**Information provided**
= = = =
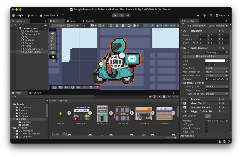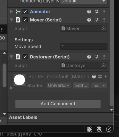 오토바이 애니메이션을 추가하고 Mover, Destoryer의 component를 추가합니다.
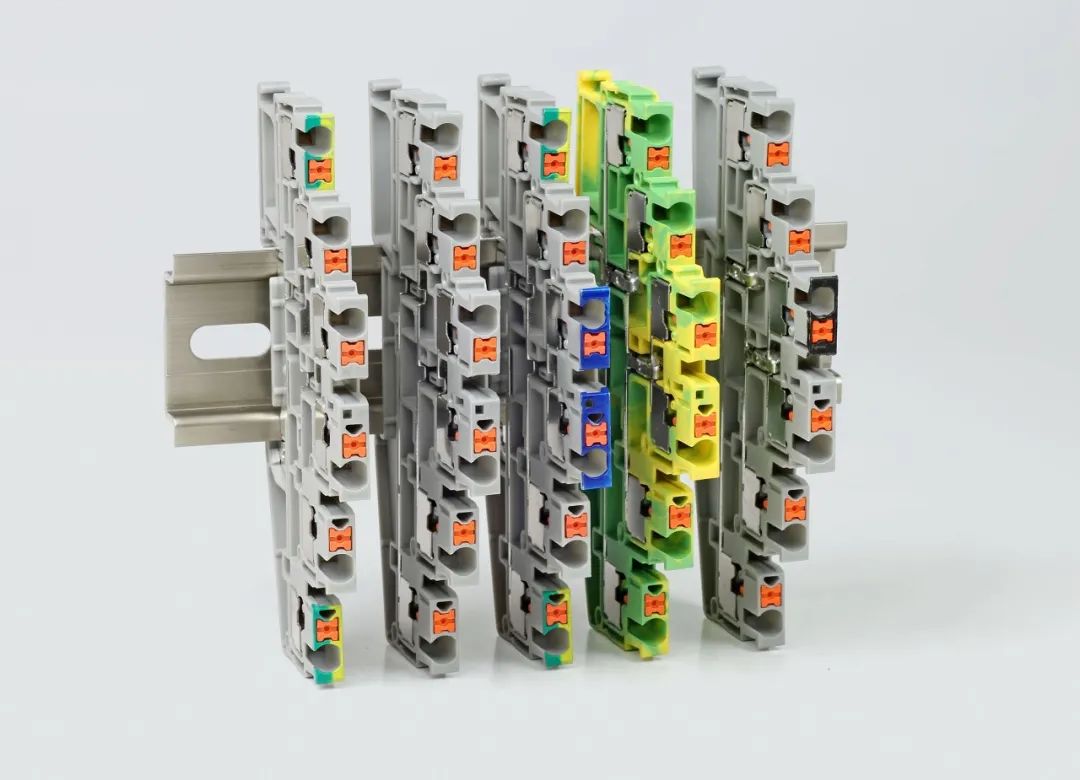 友邦电气三层型接线端子采用直插式进线,接线方便,无需工具,直接插入;工作效率高,比螺钉压接速度快30%以上。缩小了接线空间,将多位接线集成于一体。
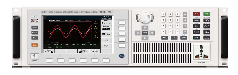 | Особенности | Источник питания постоянного и переменного тока (1ф). Широкий диапазон установки выходных параметров (напряжение, частота, фазовый угол). Дискретная установка выходных параметров с шагом от 0,01 В. Низкий коэффициент гармоник (0,5%). Одновременная индикация - напряжение, частота, ток, полная и активная мощность, коэффициент мощности. Выход на передней и задней панели. Функция диммера (регулировка скважности). ПО для моделирования импульсов, провалов напряжения и других нарушений в сети электропитания. |
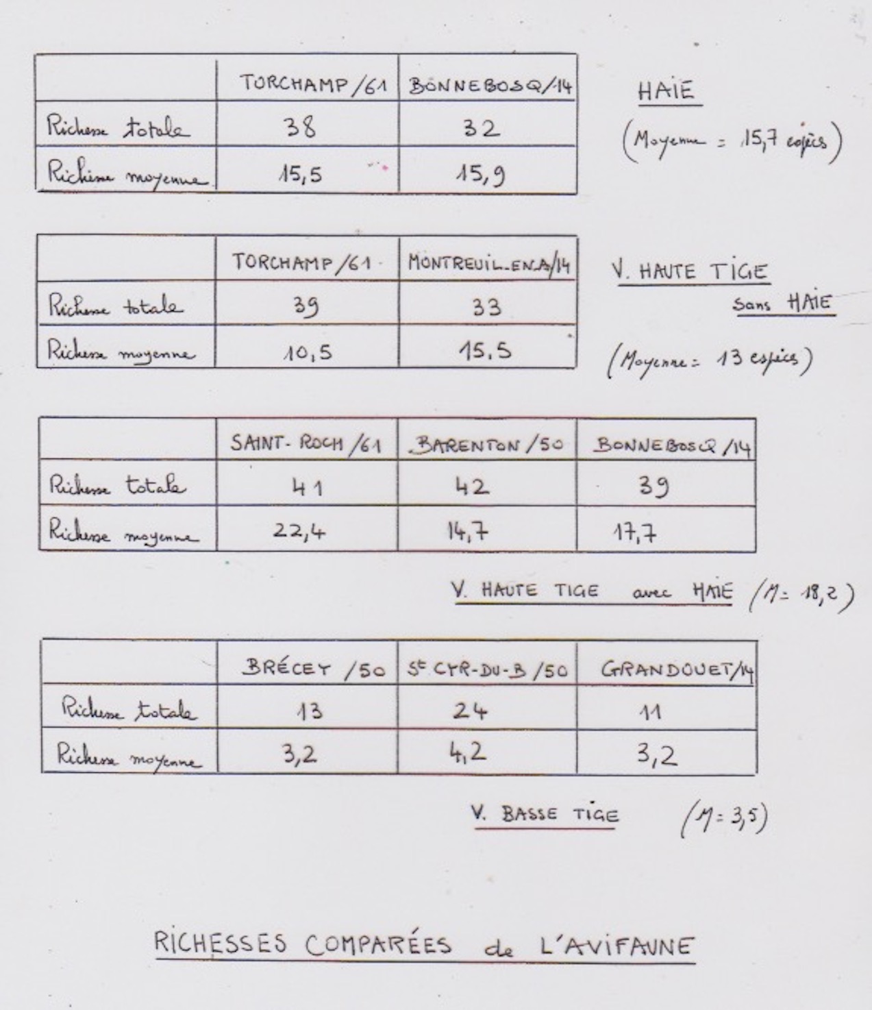 Le même protocole est utilisé simultanément par Charles Legeleux sur des vergers du Pays d'Auge, l'enquête sur les vergers du Domfrontais étant assurée par Stéphane Letessier et Jean Collette.
= = = =
**What you need to do**
Quote exactly the lines from the line that contains "友邦电气三层型接线端子采用直" through the last line of the listing, please, leaving out all pictures.

**Solution**
 友邦电气三层型接线端子采用直插式进线,接线方便,无需工具,直接插入;工作效率高,比螺钉压接速度快30%以上。缩小了接线空间,将多位接线集成于一体。
 | Особенности | Источник питания постоянного и переменного тока (1ф). Широкий диапазон установки выходных параметров (напряжение, частота, фазовый угол). Дискретная установка выходных параметров с шагом от 0,01 В. Низкий коэффициент гармоник (0,5%). Одновременная индикация - напряжение, частота, ток, полная и активная мощность, коэффициент мощности. Выход на передней и задней панели. Функция диммера (регулировка скважности). ПО для моделирования импульсов, провалов напряжения и других нарушений в сети электропитания. |
 Le même protocole est utilisé simultanément par Charles Legeleux sur des vergers du Pays d'Auge, l'enquête sur les vergers du Domfrontais étant assurée par Stéphane Letessier et Jean Collette.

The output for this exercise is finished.